Drop the pictures from the entries below, then reproduce the rest exactly.
___ Listed entries
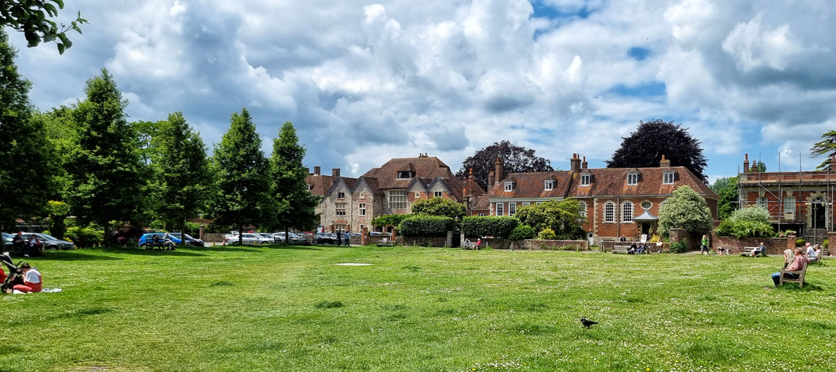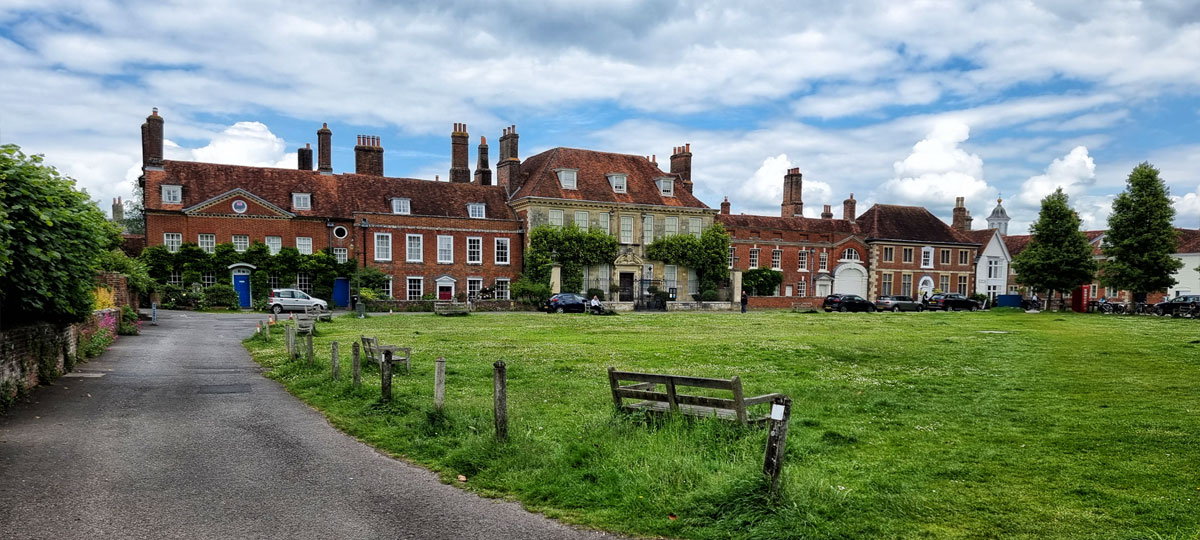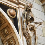 In the foreground are eight boys kneeling and looking at Colet. The scene refers to the end of the preface to the Latin grammar that he wrote for the school: “And lift up your little white hands for me, which prayest for you to God … ” There is a picture of the Child Jesus in the background. In the rear at the High Master’s desk is the celebrated scholar William Lily, the first High Master of the school.
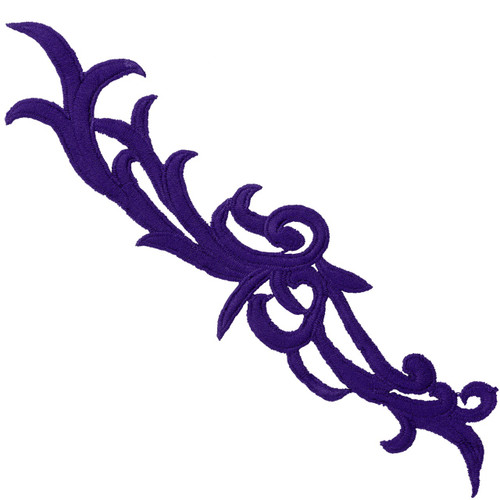The Purple Venus A Applique was a regal and expressive embellishment perfect for standout costume designs and stagewear. Measuring 11.5 inches tall by 2.5 inches wide, this vertically shaped applique featured deep purple embroidery and a sleek silhouette ideal for symmetrical placement, centerline accents, or layering over mesh and fabric. Popular among dancers, performers, and costume designers, it offered a bold foundation for rhinestone customization.
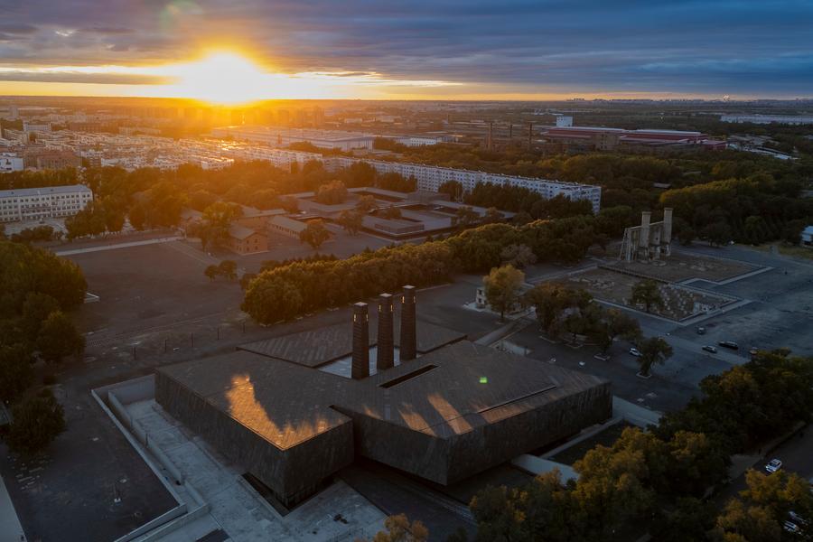 Foto tirada por drone em 16 de setembro de 2025 mostra uma vista do Salão de Exposições de Evidências de Crimes Cometidos pela Unidade 731 do Exército Imperial Japonês em Harbin, capital da Província de Heilongjiang, no nordeste da China. (Xinhua/Zhang Tao)
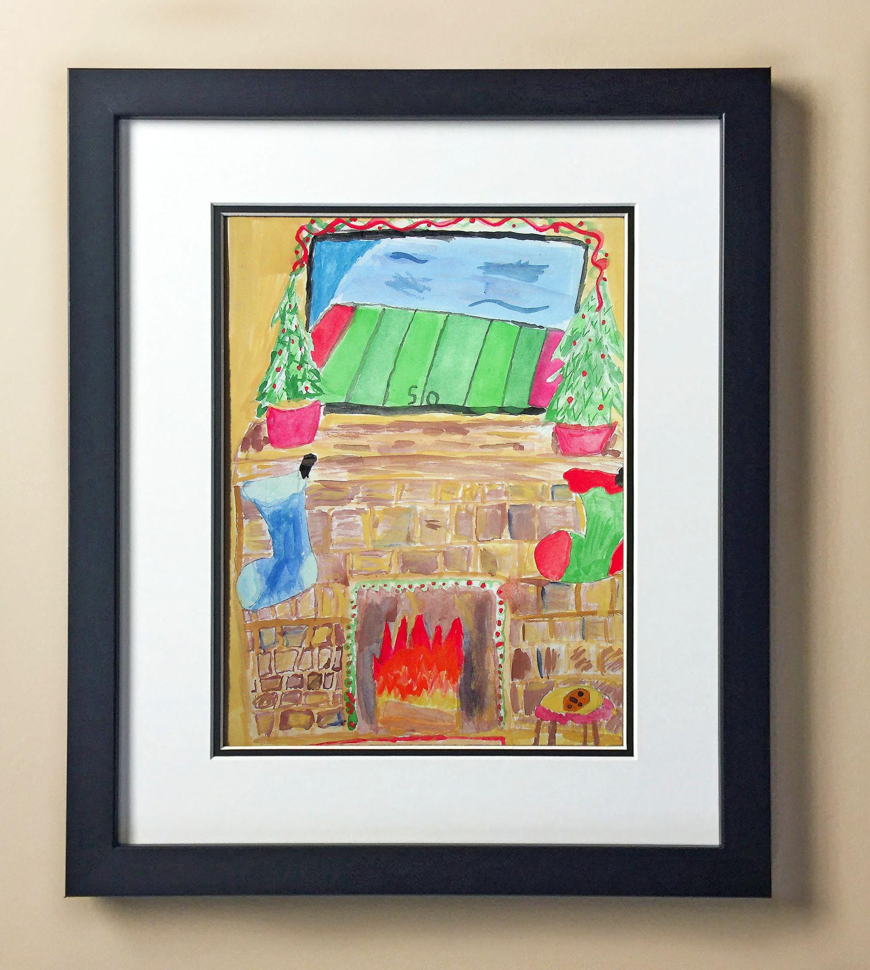 Included with the purchase is the Students Artwork, Frame, double matboard, shatter proof plexiglass, and a ready to hang backerboard with turnbuttons
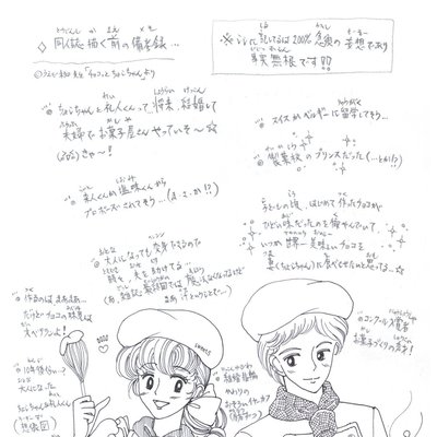 ◇大人姿…ちょこちゃん&礼人くん {◎制作は未定…マンガにする時は中学生くらいにしようと思ってます。この設定は急須(わたし)の妄想であり事実無根です!! (^o^;)} ◇星野ちえみは普通の中2の女の子。ある日、幼なじみの礼人君と行った博物館で、遺跡から発掘されたチョコを口にしたら変身の魔法が身について…!◆ちょこ、礼人(学年主席で学校では星野さんと呼んでる。弟と仲が良いのを気にしてる…)学校で製菓クラブに入ってる。あと後輩1年は「03巻小さなお友だち」「ゆめみちゃん」と「来人君」(…兄より背が高い、女子に人気、ちょこちゃんが兄ちゃんを好きなのを知ってる。半分本気で、ちょこちゃんが好き←黒田センパイのセリフのパクリ「ゆう&YOU」01巻より。なので告白しても彼女の恋を応援してる…)とか何とか…私的アレンジです。 ◆変身呪文 メルティング〜テンパリング〜 クーリング…チェンジ! (Melting,Tempering,Cooling…Change! =溶かして、ひろげて、冷やして変身!) ◆アイテム「チョコの小箱」…バレンタインチョコみたいな高級な箱に入ったチョコのイメージ。この話のみの設定です。すみません、勝手な妄想です。原作にこんな描写はありません。うえだ未知先生に怒られるかもしれません(……と思ったら「ドッキリひみつ」ちょこちゃん部屋には「ひみつの小箱」が描かれている〜☆まんざら妄想ではないかも!?) [2021-r3]***
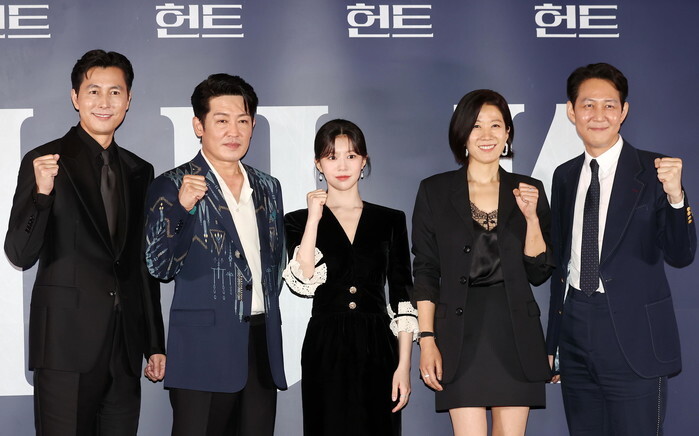 The stars of the new movie "Hunt" --(from L to R) Jung Woo-sung, Heo Sung-tae, Ko Yoon-jung, Jeon Hye-jin and Lee Jung-jae -- pose for a photo during a publicity event in Seoul on July 27, 2022. The movie will be released in South Korea on Aug. 10. (Yonhap)
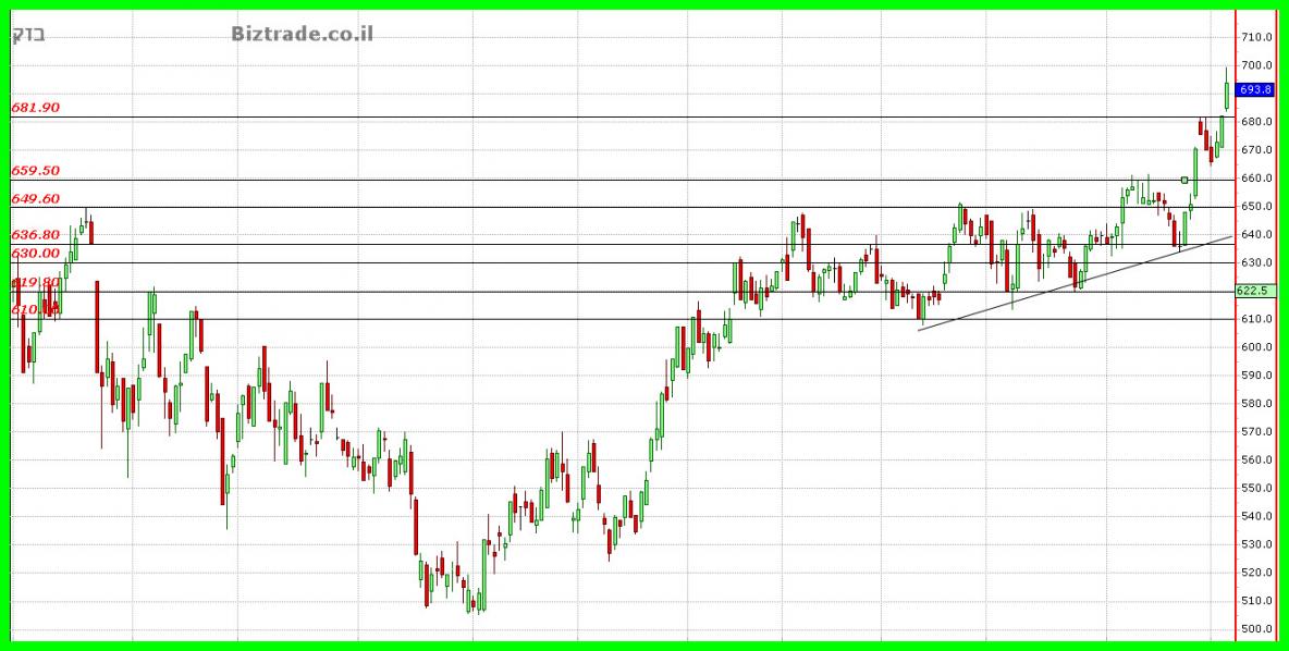 כול עוד המחיר נמצא מעל ה 650 = צפי להמשך עליות
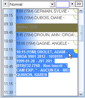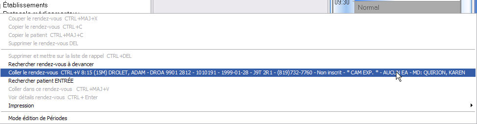 Nous avons ajouté un nouvel item correspondant au patient actif dans le menu de navigation principal. Ainsi, dès qu'un item appartenant à un patient est sélectionné (un rendez-vous, une rencontre, une ordonnance, sa fiche-patient, son nom dans une liste de recherche), ce nouvel item affiche alors les données du patient. Selon l'environnement de travail et les privilèges utilisateur, vous y verrez les rendez-vous, les rencontres et les documents numérisés. Voici des exemples de cette nouvelle fonctionUn rendez-vous est sélectionné dans l'horaire.
______
**Response:**
 In the foreground are eight boys kneeling and looking at Colet. The scene refers to the end of the preface to the Latin grammar that he wrote for the school: “And lift up your little white hands for me, which prayest for you to God … ” There is a picture of the Child Jesus in the background. In the rear at the High Master’s desk is the celebrated scholar William Lily, the first High Master of the school.
The Purple Venus A Applique was a regal and expressive embellishment perfect for standout costume designs and stagewear. Measuring 11.5 inches tall by 2.5 inches wide, this vertically shaped applique featured deep purple embroidery and a sleek silhouette ideal for symmetrical placement, centerline accents, or layering over mesh and fabric. Popular among dancers, performers, and costume designers, it offered a bold foundation for rhinestone customization.
 Foto tirada por drone em 16 de setembro de 2025 mostra uma vista do Salão de Exposições de Evidências de Crimes Cometidos pela Unidade 731 do Exército Imperial Japonês em Harbin, capital da Província de Heilongjiang, no nordeste da China. (Xinhua/Zhang Tao)
 Included with the purchase is the Students Artwork, Frame, double matboard, shatter proof plexiglass, and a ready to hang backerboard with turnbuttons
 ◇大人姿…ちょこちゃん&礼人くん {◎制作は未定…マンガにする時は中学生くらいにしようと思ってます。この設定は急須(わたし)の妄想であり事実無根です!! (^o^;)} ◇星野ちえみは普通の中2の女の子。ある日、幼なじみの礼人君と行った博物館で、遺跡から発掘されたチョコを口にしたら変身の魔法が身について…!◆ちょこ、礼人(学年主席で学校では星野さんと呼んでる。弟と仲が良いのを気にしてる…)学校で製菓クラブに入ってる。あと後輩1年は「03巻小さなお友だち」「ゆめみちゃん」と「来人君」(…兄より背が高い、女子に人気、ちょこちゃんが兄ちゃんを好きなのを知ってる。半分本気で、ちょこちゃんが好き←黒田センパイのセリフのパクリ「ゆう&YOU」01巻より。なので告白しても彼女の恋を応援してる…)とか何とか…私的アレンジです。 ◆変身呪文 メルティング〜テンパリング〜 クーリング…チェンジ! (Melting,Tempering,Cooling…Change! =溶かして、ひろげて、冷やして変身!) ◆アイテム「チョコの小箱」…バレンタインチョコみたいな高級な箱に入ったチョコのイメージ。この話のみの設定です。すみません、勝手な妄想です。原作にこんな描写はありません。うえだ未知先生に怒られるかもしれません(……と思ったら「ドッキリひみつ」ちょこちゃん部屋には「ひみつの小箱」が描かれている〜☆まんざら妄想ではないかも!?) [2021-r3]***
 The stars of the new movie "Hunt" --(from L to R) Jung Woo-sung, Heo Sung-tae, Ko Yoon-jung, Jeon Hye-jin and Lee Jung-jae -- pose for a photo during a publicity event in Seoul on July 27, 2022. The movie will be released in South Korea on Aug. 10. (Yonhap)
 כול עוד המחיר נמצא מעל ה 650 = צפי להמשך עליות
 Nous avons ajouté un nouvel item correspondant au patient actif dans le menu de navigation principal. Ainsi, dès qu'un item appartenant à un patient est sélectionné (un rendez-vous, une rencontre, une ordonnance, sa fiche-patient, son nom dans une liste de recherche), ce nouvel item affiche alors les données du patient. Selon l'environnement de travail et les privilèges utilisateur, vous y verrez les rendez-vous, les rencontres et les documents numérisés. Voici des exemples de cette nouvelle fonctionUn rendez-vous est sélectionné dans l'horaire.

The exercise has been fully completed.